La coopération annoncée entre Dakar et Ouagadougou comprend notamment un renforcement du partage de renseignements, la mise en place de dispositifs de coordination militaire et un soutien logistique adapté aux réalités du terrain. Si les contours exacts de ces engagements restent pour l’instant discrets, la détermination affichée des deux parties laisse entrevoir la naissance d’un nouveau modèle de coopération Sud-Sud sécuritaire, moins dépendant des aides extérieures et plus ancré dans les priorités locales.
La spécificité de cette initiative tient à la confiance accordée au Sénégal par les pays membres de l’AES, malgré son appartenance à la CEDEAO. Ce positionnement singulier témoigne de la capacité de Dakar à jouer un rôle de passerelle diplomatique entre deux visions opposées de l’intégration régionale. Dans un climat de tensions entre l’AES et la CEDEAO, Sonko fait le pari d’un dialogue sans posture moralisatrice, misant sur la convergence des intérêts sécuritaires pour rétablir des ponts.

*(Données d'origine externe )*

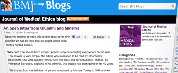 Dopo l'articolo sull'"aborto post-natale" il direttore della rivista scientifica risponde alle violente proteste e minacce contro i due autori italiani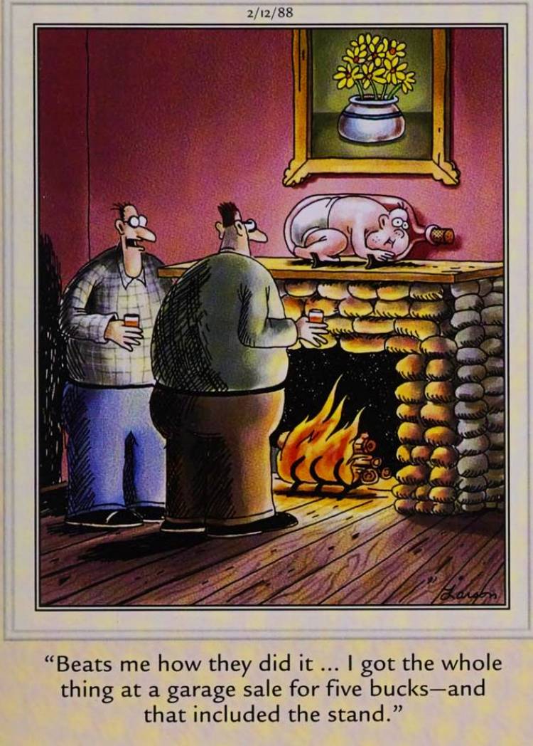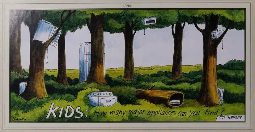 En este cómic, varios electrodomésticos, muchos de ellos grandes, están notablemente ocultos en diferentes partes del bosque para que los niños intenten contar. En la esquina, hay una clave de respuesta para el rompecabezas, alegando que hay 127 electrodomésticos en la imagen, un número que no coincide con lo que realmente es visible. Gary Larson creó el cómic como una broma sobre lo absurdo de los rompecabezas de la caza del tesorocon la tecla de respuesta no coincidente que es completamente intencional.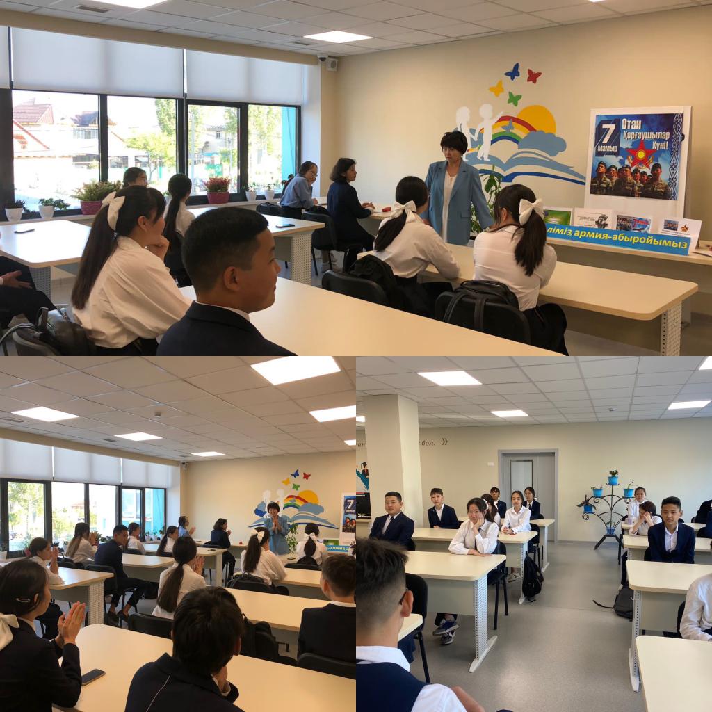 Қазақстан Республикасының Қарулы күштерінің құрылуы,оның Отанымыздың бейбітшілігін сақтаудағы маңызы жайлы,әскери өнердің өзіндік ерекшелігі туралы,егемендігімізді күзетуде олардың маңызы жөнінде терең мағлұмат бере отырып ,оқушыларды туған елін, Отанын,тілі мен мәдениетін құрметтеп,тарихты терең бағалау және патриоттық сезімге тәрбиелей келе ,оқушыларға кітап пен кітапхана маңызы жөнінде пікір алмасу мақсатында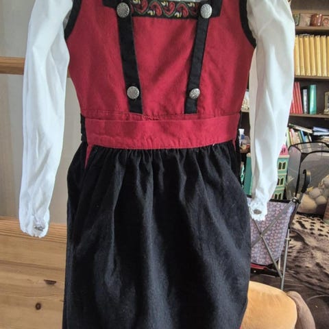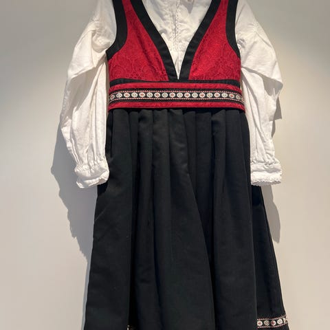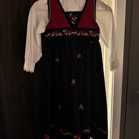 Festdrakt i str 116 selges. Mangler knapp i buksa, fremstår ellers som hel og pen. Sender ikke.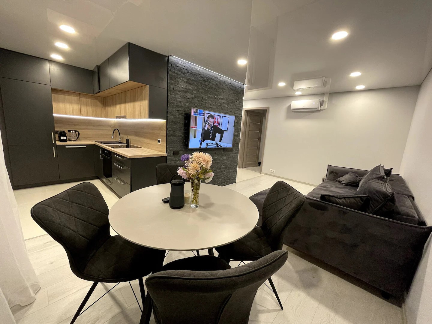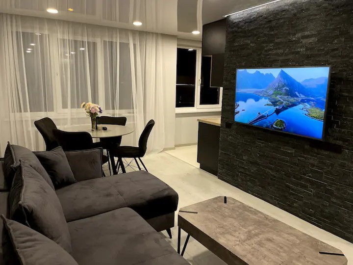 Отличная просторная планировка, вся квартира сделана в одном стиле. Большая, просторная кухня-гостинная со всей необходимой бытовой техникой.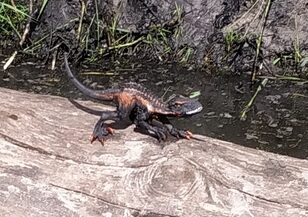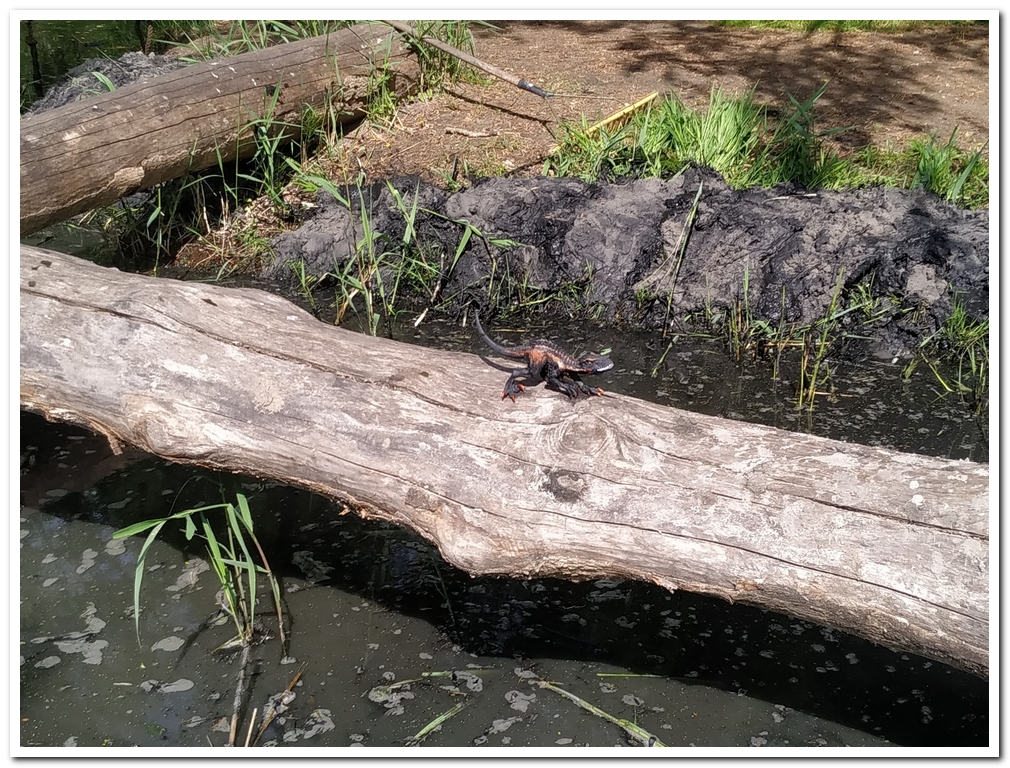 En wat een bijkomende ontdekking. Uit de modder kwam een echte, net uit het ei, een jonge Dino Spatiale Conditio. Hij liep parmantig over de balk rennend en blazend. Toch nog na een miljoen jaar uitgekomen. Als je langs “De Plek” komt zie je hem misschien.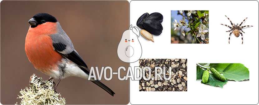 Весной и летом снегири питаются почками деревьев, семенами, пауками. Зимой часто поедают ягоды рябины.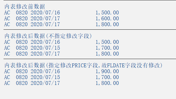 【摘要】 本文主要介绍一下SAP ABAP中内表的增删查改语句中的修改内表数据的相关语句,包括利用关键字修改数据,利用索引修改数据,利用WHERE语句修改数据。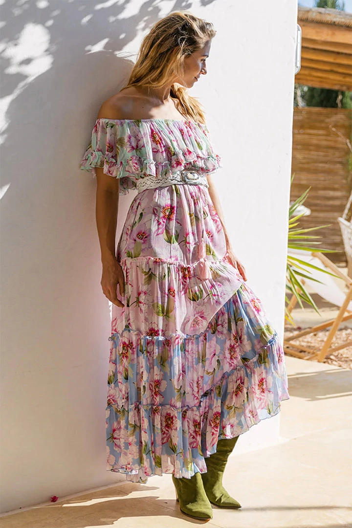 Looking for a dress to wear to special occasion this is your dress, The Roses Dress in green has an all over floral print, with an off shoulder style neckline a Sequence feather with in the frill bodice. This lined tiered frill maxi has a waist drawer string to shape your body.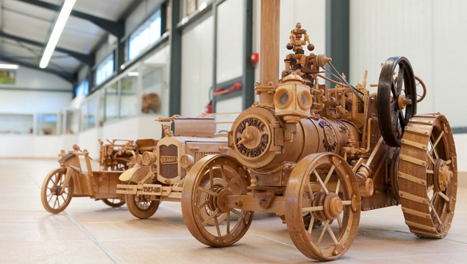 Durant toute sa vie, Marcel Yerly a réalisé, à la main, sur un établi rudimentaire, créé par ses soins une centaine de maquettes de 50 cm jusqu'à 3 mètres. Toutes les parties mécaniques, également en bois, reproduites à l'identique, fonctionnent. Voitures, machines agricoles, locomotives, bateaux, motos, avions.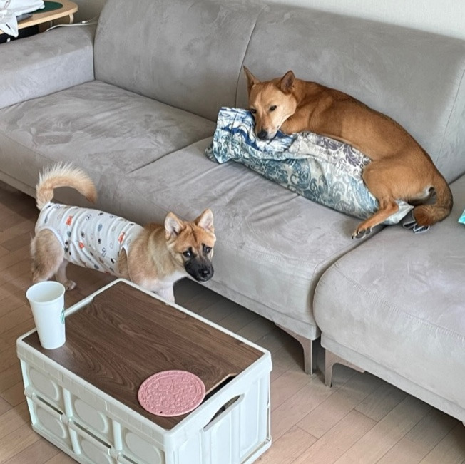 (얌전한 반려견은 모코가 놀자구해서 스트레스 받을지도 몰라요…)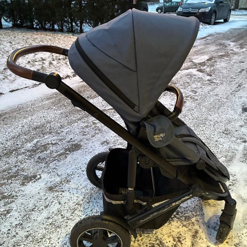 Näppärät rattaat, menee kasaan, kulkee sutjakkaasti kaupungissa kääntyvien eturenkaiden vuoksi. On 5-pistevyöt, on jalkasuoja (ei kuvassa), siisti käytetty kunto ja sisällä säilytetyt.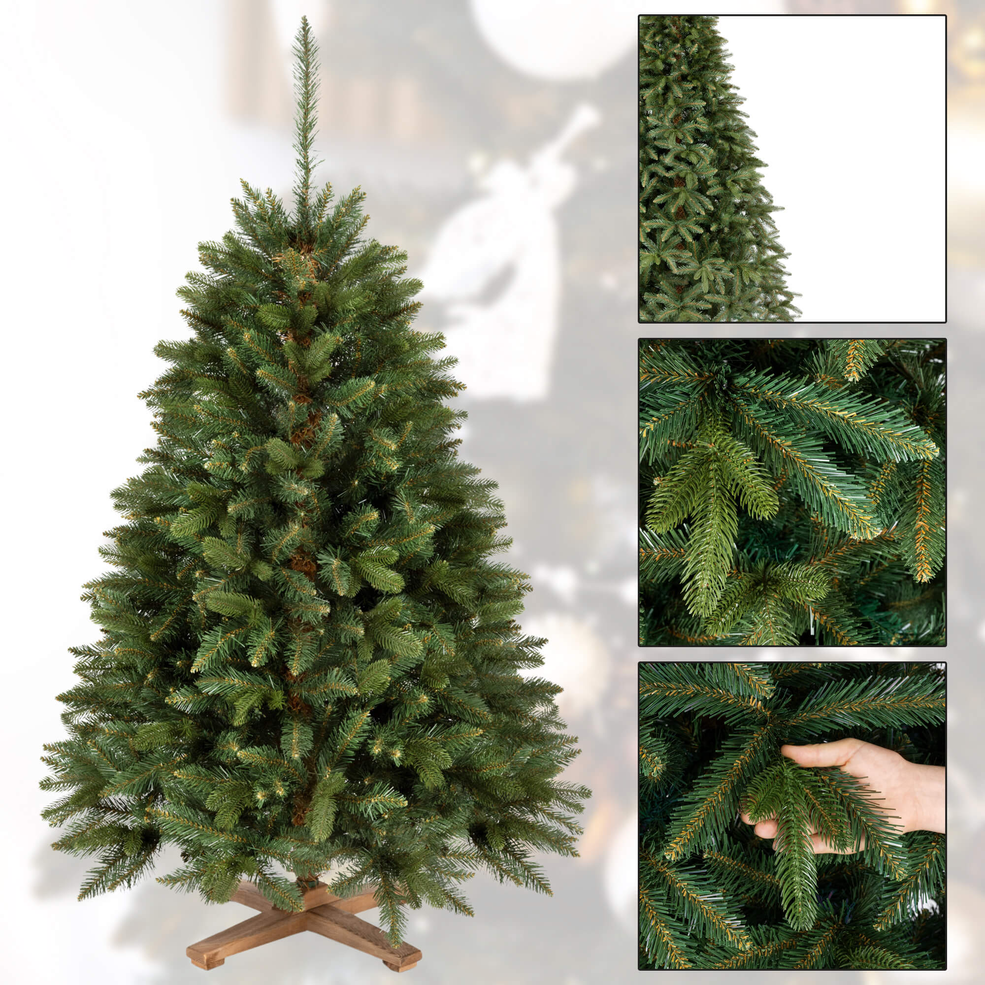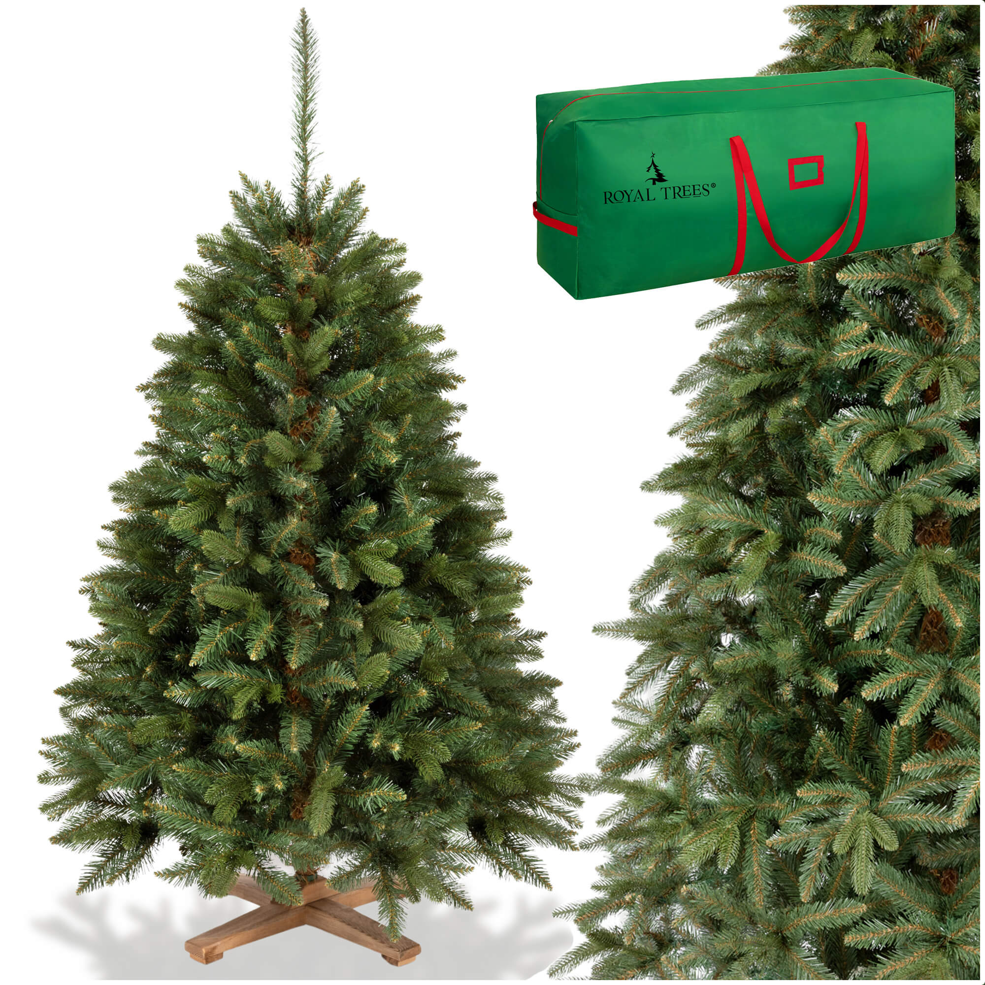 De 150 cm Premium Royal Trees kerstboom brengt de unieke charme van de feestdagen rechtstreeks in je woonkamer. Met zijn compacte formaat is hij ideaal voor kleinere ruimtes, maar toch groot genoeg om een warme en feestelijke sfeer te creëren. Zijn realistische uitstraling maakt dat je nauwelijks verschil ziet met een echte spar, terwijl je wel geniet van het gemak van een kunstboom. Dankzij de stevige houten standaard staat hij altijd stabiel, zelfs wanneer je de takken rijkelijk versiert met kerstballen, verlichting en slingers.
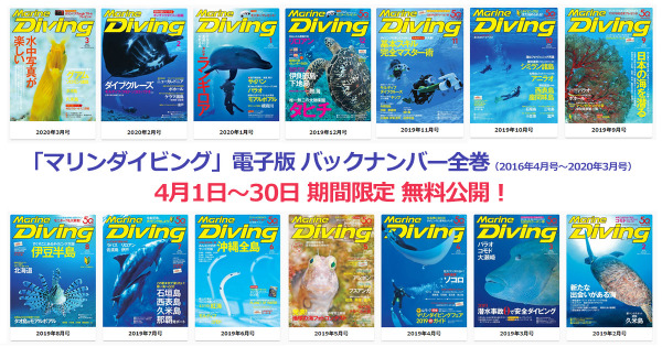 『マリンダイビング』では、海とダイビングを愛する皆さんに少しでも在宅時間を楽しく過ごしていただけるよう、『マリンダイビング』電子版のバックナンバーを全巻無料で公開することにしました。対象は「PressPad Store」に登録されている2016年4月号~2020年3月号の4年分で、2020年4月1日~30日の期間限定で実施します。
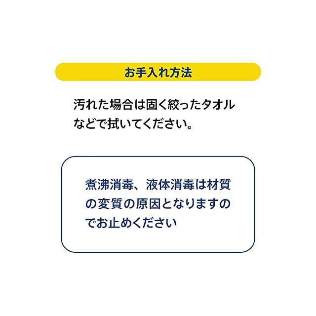 ※汚れた場合は固く絞ったタオルで拭き、よく乾燥させてください。 ※煮沸消毒、液体消毒は材質の変質の原因になりますので避けてください

Au-delà de la sécurité, la visite a permis de poser les jalons d’une coopération multisectorielle : renforcement de la coopération culturelle avec une participation aux grands rendez-vous panafricains comme le Fespaco, le Dak’Art ou le Fesnac ; développement des échanges commerciaux via la création de partenariats public-privé structurants ; projet de création d’une chambre de commerce du Burkina Faso au Sénégal, outil de renforcement des liens économiques ; organisation prochaine de la 6e session de la grande commission mixte Sénégal-Burkina ; invitation officielle du Premier ministre burkinabé pour une visite au Sénégal dans les prochains mois.
La convergence entre les deux pays prend ainsi un tour opérationnel, avec des engagements concrets et un calendrier prévisionnel. Cette approche pragmatique est à même de déboucher sur des partenariats stratégiques durables, si elle se traduit par des réalisations tangibles sur le terrain.
L’enjeu, pour Ousmane Sonko, est double : asseoir la crédibilité internationale du Sénégal sur un nouvel échiquier ouest-africain en recomposition et incarner une diplomatie de rupture capable de conjuguer souveraineté, solidarité régionale et réalisme opérationnel.